The Outdoor Education Centre was found liable and ordered to pay almost $270,000 in reparations – enough to make any school nervous about their liability in the event of another tragedy.

But National will carry the can regardless. Because the legislation is now seen as so flawed, any claim will stick

The voting and polled public have been proved wrong time and time again during the seven years of the Key Government.

There are no signs in the latest polls of National being swept anywhere. But when the rot starts setting in it is often over the small things, like school playgrounds, rather than the big things.

Labour’s strategy seems to be based on finding and promoting the small thing that breaks National’s hold on power.

Buit there’s a major problem with this. National’s support keeps holding up despite many embarassments and hiccups = because the alternative is seen as a worse option.

Labour have quite a way to go to make national seem worse than Labour. Especially if they keep lowering the standard.

For every Natiomal light bulb moment Labour highlight they keep showing they don’t have any idea how to turn the power on their own.

Slater slams Woodhouse and Key

Cameron Slater has slammed Michael Woodhouse and John Key over the Workplace health and Safety Bill in MICHAEL WOODHOUSE MAY BE AN IDIOT, BUT KEY IS LETTING HIM ROAM FREE.

But it seems to be a poorly informed diss with an underlying agenda.

Already watered down to keep all the rural MPs from revolting, the remainder is such a joke that I can only assume their attitudes were “fine, we’re not going to help you – see how the public like this”

This is what happens when you promote diminutive, metro-sexual, eyebrow tweezing, sun-bed tanning fools above their station in life.

Michael Woodhouse has never won election, he is a scum list Mp and so he is out of touch with constituents. An electorate MP would have read this bill, called up his officials and introduced them to Mr 2×4. Only a lazy, good for nothing idiot would accept these cut/paste legislative solutions.

Labour is so tits at their job that this John Key-led government is going to get away with being just as stupid. At least now everyone will know what I have known for years….Michael Woodhouse has tits for hands.

This is no surprise, Slater has a history of walloping Woodhouse – and Key since Judith Collins lost her spot on Cabinet. Talking of Collins:

You can see why wiser and more experienced heads stood up and told Woodhouse to can this abortion of a Health and Safety policy.

Who could Slater mean? One News reported in May:

Judith Collins says historic health and safety bill needs ‘tweaking’

Judith Collins denies there has been a backbench revolt over health and safety changes, but says a bill needs some “tweaking” before it progresses through Parliament.

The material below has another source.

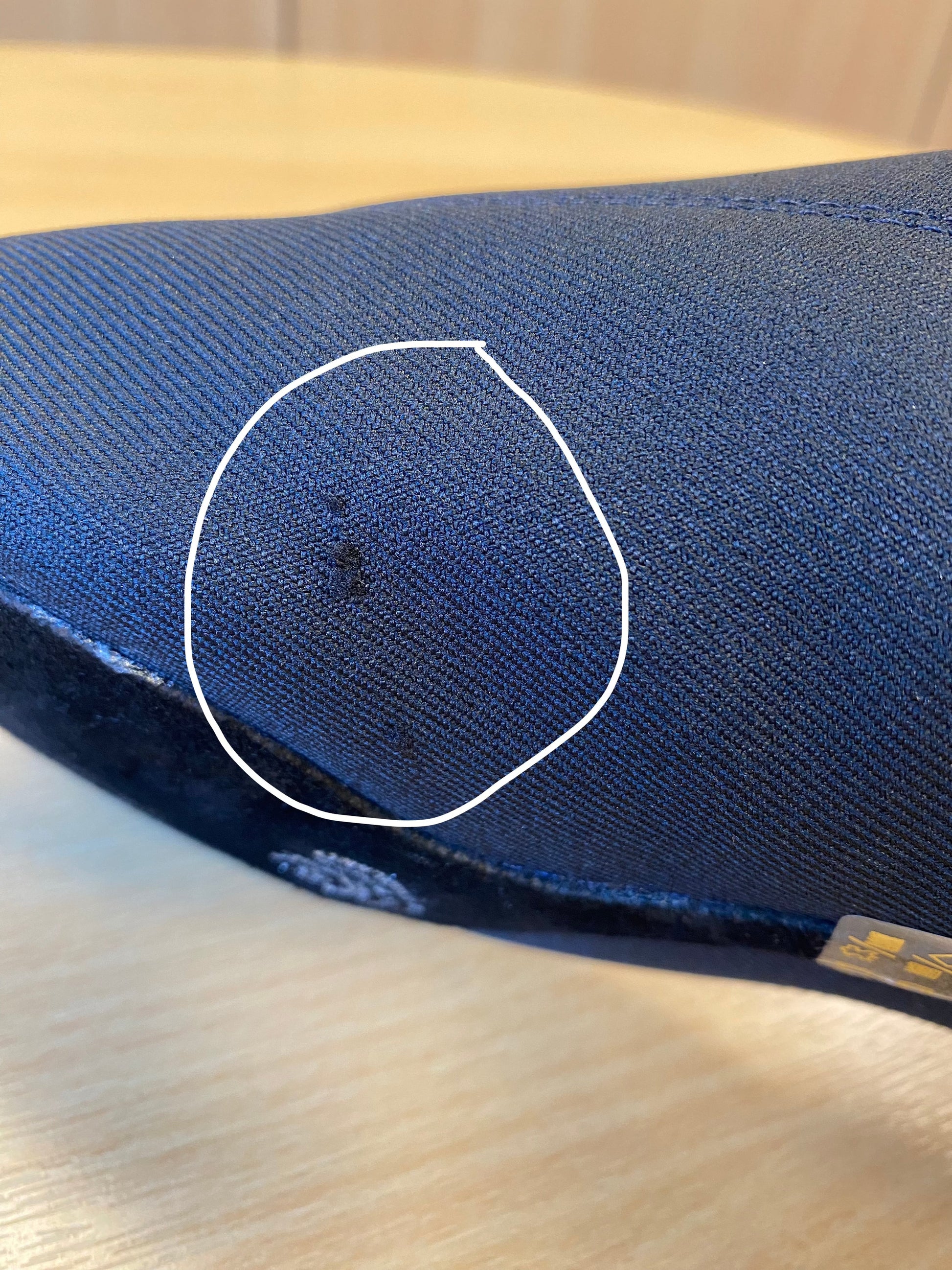 Fault: Small snagg in the fabric under the arch of the right shoe (pictured)

One of those said to be agitating for changes is former cabinet Minister Judith Collins, although she maintained today there was no caucus division over the issue.

“I don’t think there are any bad things, I just think it needs a bit of tweaking and that’s the right thing to do.”

She would not elaborate what changes needed to be made, but said “it needs to be a little bit more practical for people”.

Collins is doing her job, promoting what she thinks is best in the National Caucus.

And Slater appears to be doing his job, in this case not directly promoting his friend Collins but dissing Key and especially Woodhouse – it appears that Woodhouse doesn’t pay Slater for ‘online advice’.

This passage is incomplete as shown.